There is a big time in G of sorts, but it is a bit truncated and sounds like it comes from 1940s “tin pan alley” a bit. The very end has 3 FF G Major chord on the piano with the descending major third interval.  That same idea dominates the “second theme” group in my own last (Third) Sonata.  But at the end I take the “hymn” theme from F# Major back to a C Major Pedal Point with a couple of “polytonal” pivot points – and a lot of unresolved dissonance – so the pianist will have to control the melodic line (playing it back, a computer connected to Sibelius can’t keep the melodic line together, only a human pianist can do that).

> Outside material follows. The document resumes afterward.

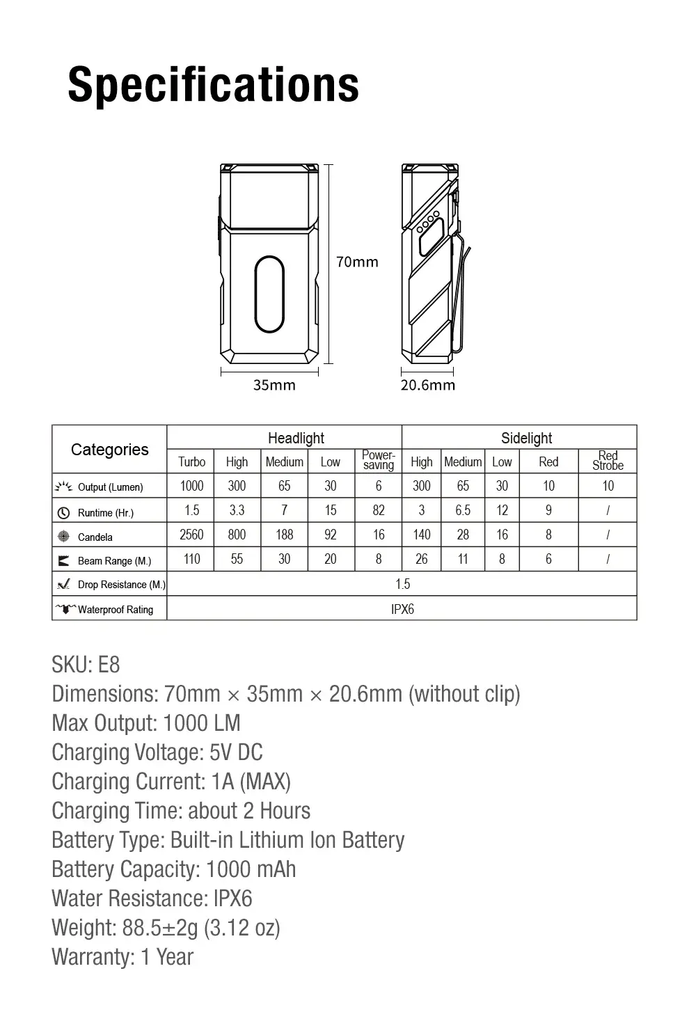 - Çok Yönlü Çift Işık Sistemi: 1000 lümenlik spot ışığı, uzun mesafeli görünürlük için 110 metreye kadar ulaşırken, 300 lümenlik yumuşak bir projektör (beyaz/kırmızı) ile eşleştirilmiştir. Profesyonel çalışmalar, rahat okuma ve tüm açık hava maceralarınız için mükemmeldir.

The finale does have the interesting harmonic effect of a middle section in D-flat, a tritone away rom the home key, an idea not found often (Elgar does this in his first symphony).

The second movement (in C) is based on the on the nursery rhyme "Three Blind Mice", a tune that was used in the opening of the first James Bond movie "Dr. No" (which I saw in the Cleveland Arcade back in 1965).

Tuesday, January 24, 2017

Nice anthem-hymm of Kelvingrove

Today, a very simple post, a special hymn- anthem, not in the regular hymnal, by Kelvingrove, “Will You Come and Follow Me?”

This embed comes from a church in Nebraska in 2014.
It was sung at the First Baptist Church of the City of Washington DC on Sunday, January 22.

The picture above is from the Refugee Ball at the Synagogue at 6th and I in Washington DC January 17, where Tibetan and African folk music was performed.

Tuesday, January 03, 2017

Does Bruckner's Symphony #3 (the "Wagner") anticipate the "Number Nine"?

Sergui Celibidache conducts the Symphony #3 in D Minor by Anton Bruckner, with the Stuttgart Radio Symphony.

Yes, I love the picture from the French Alps.

The Symphony has gotten my attention because I have spent a lot of time looking at various “completions” of the Finale of the 9th in the same key.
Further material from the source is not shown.